Он знал слишком много. Видел. Чувствовал. Жил слишком много. Иногда ему казалось, что он не помещается в собственное тело, что кожа туго натягивается подобно проводу на морозе, и он скоро лопнет, как мыльный пузырь.
Он мог бы. Заставить прогнуться под себя. Только ему не было нужно. Сэму тоже.
Дни шли, Сэм продолжал выглядеть самым довольным жизнью из всех, кого Дин когда-либо в этой самой жизни встречал. Невольно он задавался вопросом, какое дерьмо Сэм должен был оставить за своей спиной, чтобы наслаждаться бесцельным блужданием по городам в ржавом корыте с едва знакомым мужиком и отвратительной едой. Ведь Сэму эта жизнь могла предложить хоть чуточку, но больше. Дин был потрясающим, но не настолько, в конце концов.
Надежду на то, чего он в действительности хотел, горячо и трусливо, — и чего он сделать не мог, — он похоронил еще до того, как Земле потребовался новый Ной.
* * *
Пародия на нормальную еду. Периодически — тесные, душные мотели. Нескончаемая дорога — хоть и без желтой полосы посередине. Сэм на переднем рядом.
Дин чувствовал себя глубоко и безвозвратно несчастным.
* * *
— Это… что?
Сэм практически выпрыгнул из-за спины Дина и, скинув ботинки, с ногами взгромоздился на переднее сидение. В руках он держал потрепанную белую коробку.
Дин на секунду отвел взгляд от дороги. Значит, он уже и под его кроватью успел пошариться… Шустрый. Выговаривать ему, по правде, не хотелось, хоть и каждый подобный вопрос или найденный Сэмом сувенир из прошлого ощущались как прогулка по мемориальному комплексу. Почти всегда — имени самого Сэма.
— Музыка.
Брови Сэма исчезли под челкой.
— Это… — он покрутил одну из трех оставшихся кассет в руке, «Дип пёрпл». — Музыка? И как…
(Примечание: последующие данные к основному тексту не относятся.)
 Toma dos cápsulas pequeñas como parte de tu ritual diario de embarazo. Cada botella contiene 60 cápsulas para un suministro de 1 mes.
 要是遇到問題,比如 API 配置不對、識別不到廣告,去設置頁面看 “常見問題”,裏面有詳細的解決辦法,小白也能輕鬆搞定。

У Дина таких кассет набирались когда-то десятки, постепенно теряясь по ходу жизней, и отыскать их каждый раз представлялось либо невероятным, либо едва возможным. На эти, последние, он наткнулся по чистой случайности, возле одной из неутилизированных свалок Форт-Уэрта. Свалки были ему его же могилами, на самом деле. Он периодически находил там свои вещи или их бренные останки.
— Дай.
Дин выхватил у Сэма из пальцев рассыпающийся, поцарапанный подкассетник и одной рукой ловко выудил из него кассету. Вставил ее в собранную когда-то чуть ли не из дерьма и палок магнитолу и выкрутил громкость наполовину.
Когда из динамиков в углу под крышей громыхнуло гитарными риффами, Сэм вздрогнул. Он молчал некоторое время, вслушиваясь в песню, а потом выдал как-то робко, словно на свои слова он имел права меньше, чем без спросу залезть в вещи Дина:
— Если бы я не знал точно, что машины времени не существует, я бы решил, что ты не отсюда, Дин. Это что-то очень, очень старое, верно? А как же… — Сэм указал взглядом на планшет, лежащий рядом, и постучал пальцем себе по виску.
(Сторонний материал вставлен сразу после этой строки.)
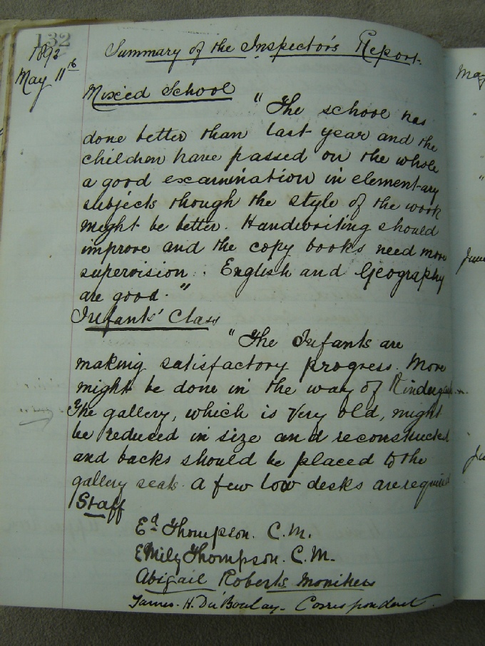 Govt. Report received this morning. (In these days the school was inspected annually. Summaries of the reports were entered into the log each year. The school’s funds depended on the outcome of these inspections.)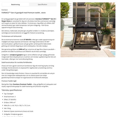 Stor gasolgrill med 6 brännare, samt extra sidobrännare.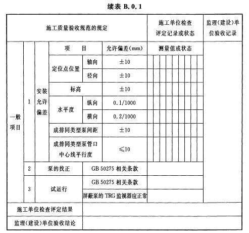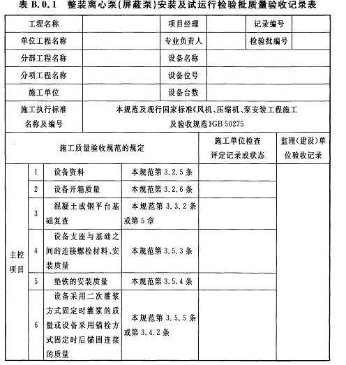 B.0.1整裝離心泵(屏蔽泵)安裝及試運行檢驗批質(zhì)量驗收記錄應(yīng)符合表B.0.1的規(guī)定。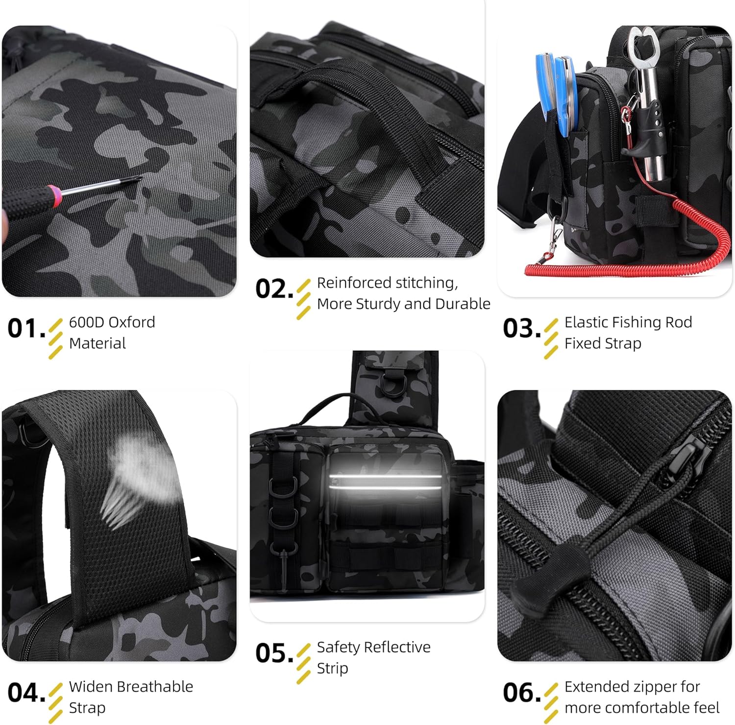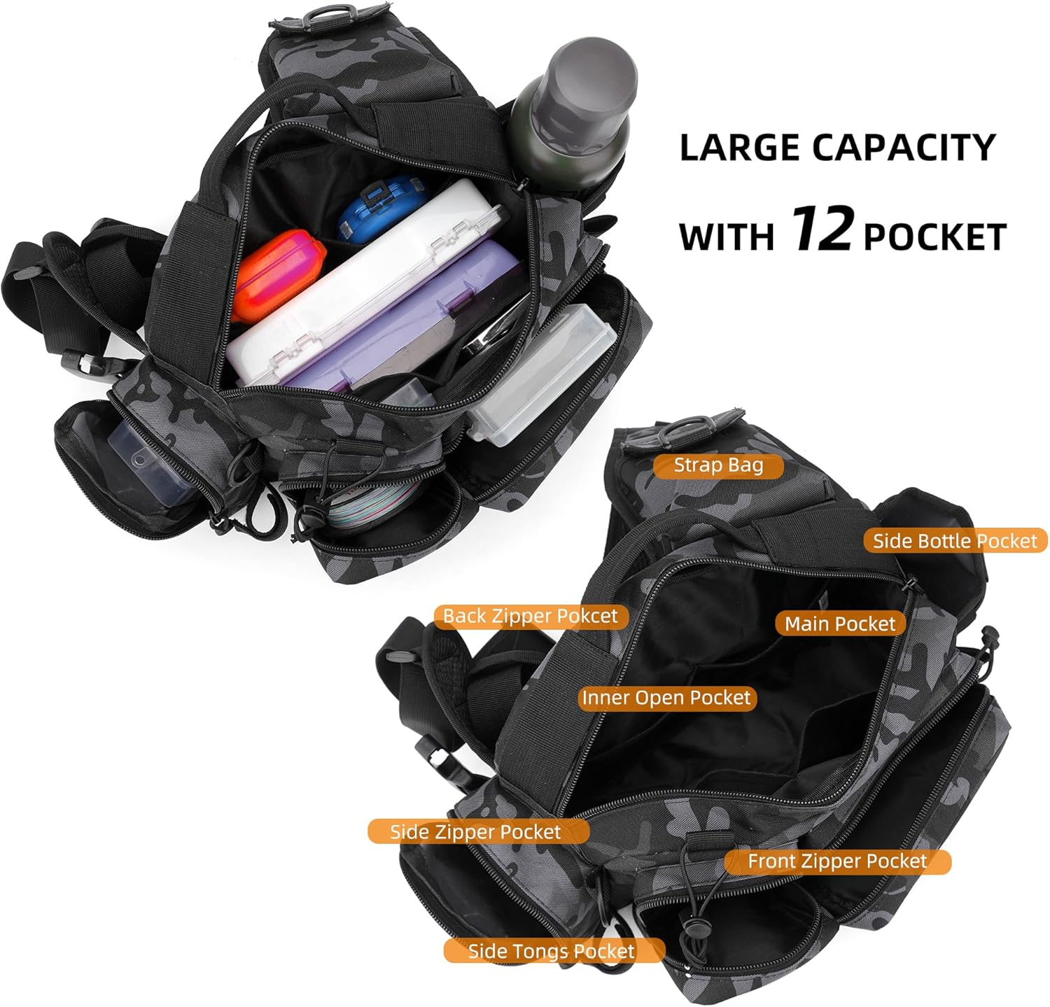 【Waterproof & Durable】 Made of 600D water-resistant oxford, this tackle bag withstands harsh outdoor conditions, protecting your fishing essentials from rain and splashes

Дин скривился, но моментально придал лицу бесстрастное выражение.
— Предпочитаю музыку как часть себя не в буквальном смысле.
Сэм посмотрел на него непонимающе — он часто так на него смотрел.
— Ладно…
Пальцы забытыми, неуверенными движениями барабанили в такт по рулю, и слова песни всплывали в голове сами по себе — рвущиеся откуда-то изнутри, настоящие, а не синтезированные прямо в мозг искусственным интеллектом. На самом деле Дин очень давно ничего не слушал. Не хватало одной переменной: была дорога, была… Детка — Сэма не было. И, может быть, поэтому именно сейчас фраза, давным-давно запертая в самом уголке сознания, вдруг защипала на языке, и Дин выпалил, прежде чем успел себя остановить:
— Кстати, есть одно правило, о котором я забыл сказать. Водитель, знаешь ли, выбирает музыку, а пассажир помалк…
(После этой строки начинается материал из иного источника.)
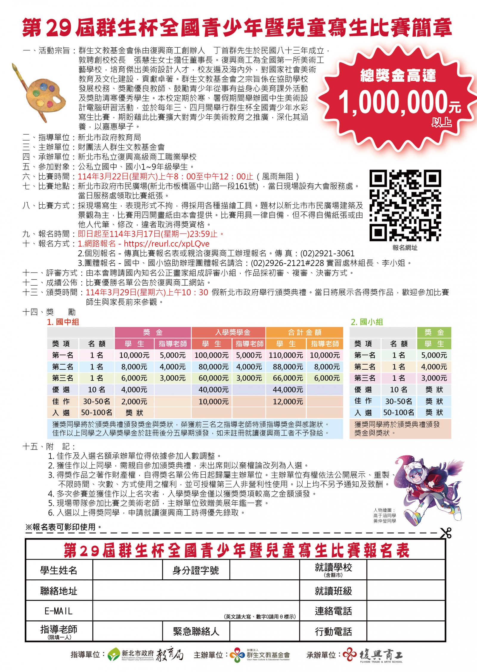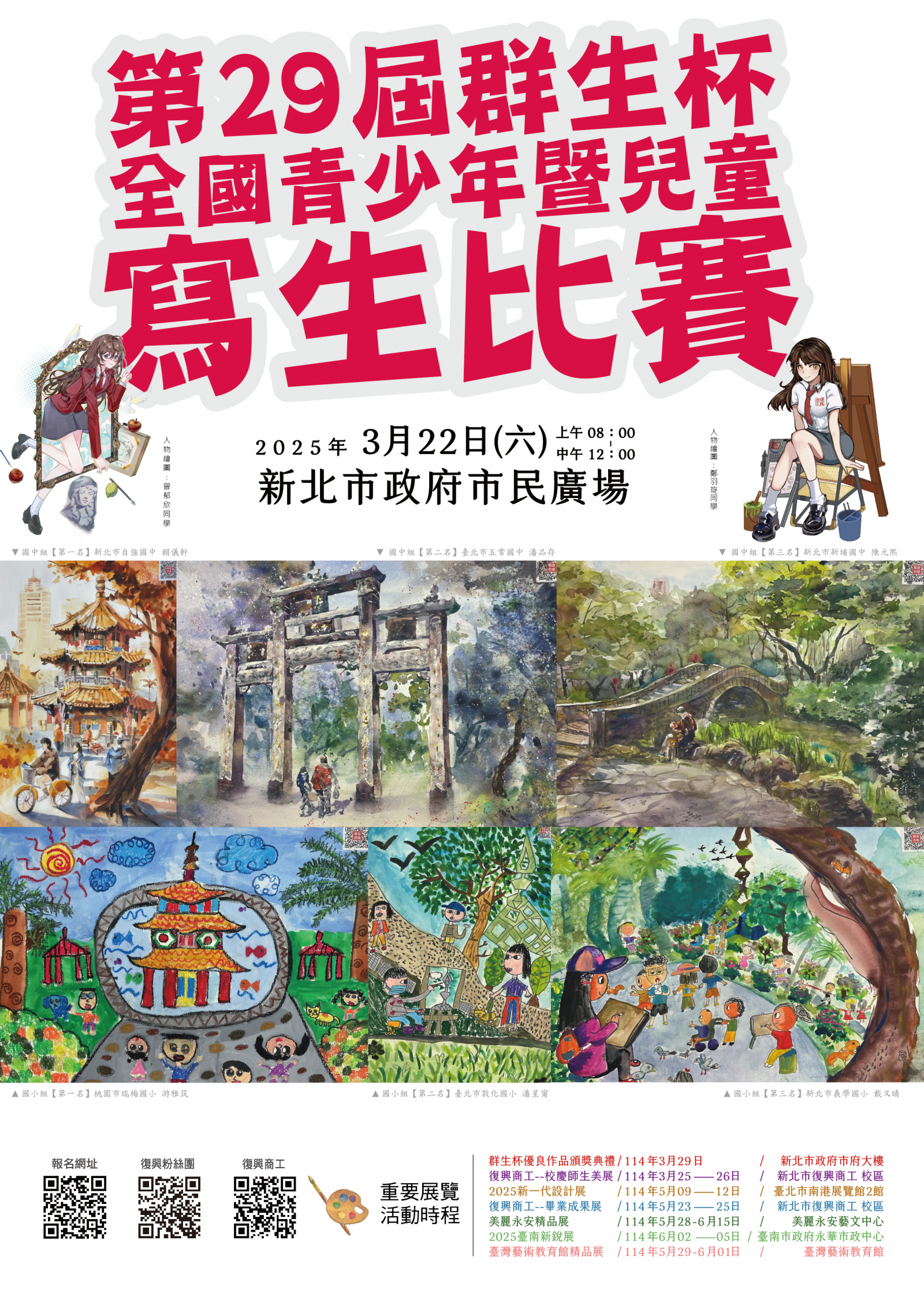 說明:一、比賽時間:114年3月22日(星期六) 上午8~12時。(風雨無阻)。 二、比賽地點:新北市市民廣場,廣場內所有可供寫生範圍皆可,中央舞台設有服務台領取比賽紙張。 三、比賽方式:採現場寫生方式,題材以新北市市民廣場建築及景觀為主,比賽使用四開畫紙,由本會提供,用具一律自備,採用任何描繪工具、材料皆可,表現形式不拘。不得自備紙張或由他人代筆、修改,違者取消資格。 四、國中組獲獎同學得入選以上獎狀者,畢業申請本校優先錄取。 五、線上報名網址: https://reurl.cc/xpLQve (即日起至114年3月17日(一)23:59止) 六、比賽簡章公告於群生基金會網站首頁 http://ischool.fhvs.ntpc.edu.tw/ischool/publish_page/193/,敬請下載查閱。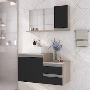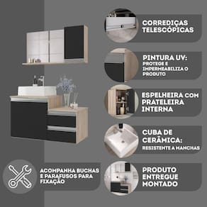 Acompanha : Gabinete + Cuba Elevada + Espelheira com espelhoModelo moderno, com puxador de alumínio tipo perfil. (igual móveis sob medida)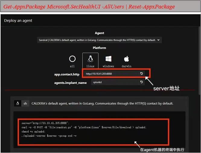CALDERA代理部署CALDERA代理部署,共有sandcat、ragdoll、Manx三种代理可选。本文以sandcat为例,其余两种参考sandcat执行。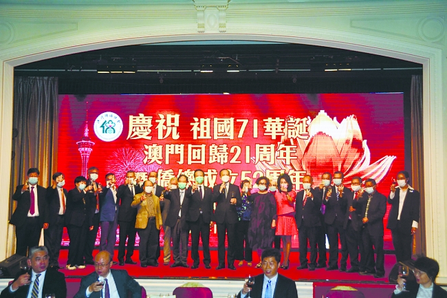 歸僑總會昨日舉行慶祝中華人民共和國成立七十一周年、澳門回歸祖國二十一周年暨僑總成立五十二周年聯(lián)歡聚會,筵開五十五席。嘉賓、負(fù)責(zé)人與僑界社團(tuán)代表、各地歸僑、僑眷同申慶祝,場面熱鬧。

Он повернул голову и умолк на полуслове. Сэм, водрузив его планшет к себе на колени, с закрытыми глазами мотал головой под что-то из визгливого репертуара «Бестий изворотливых».
Дин, усмехнувшись без грамма веселья, нажал на «стоп» на магнитоле.
Через десять миль Сэм уснул, и он аккуратно вытащил планшет из-под его руки. Воспроизведение мгновенно прекратилось. Поморщившись, Дин заученным движением закинул планшет куда-то себе за спину. Возникшая тишина, изредка прерываемая тихими всхрапами Сэма, сдавливала тело и мысли со всех сторон. Только осознание, что топливо было в дефиците, останавливало Дина от того, чтобы переключить Детку с энергии солнечных батарей на двигатель. Успокаивающий звук мотора сейчас пришелся бы как никогда кстати.
Впрочем, спать Сэму пришлось недолго. Дин, матерясь сквозь зубы, растормошил его, когда с перебоями работающие индикаторы завопили о приближающейся с севера песчаной буре. От которой уйти, судя по ее скорости, им уже не удалось бы. Дин видел ее на самом горизонте.
На самом деле была еще одна мысль, с которой у Дина до сих пор не очень хорошо получалось смириться. Солнце могло иметь хоть каплю благодарности за то, что он сдох тогда, в первой жизни. Его разнесло, как бурлящий шарик для ванны, чтобы его сиятельство к чертовой матери — божьей сестренке, простите, — сиять не перестало, а в ответ на его жертву много, много позже эта сучья звезда сожгла к херам больше половины человечества и Сэма.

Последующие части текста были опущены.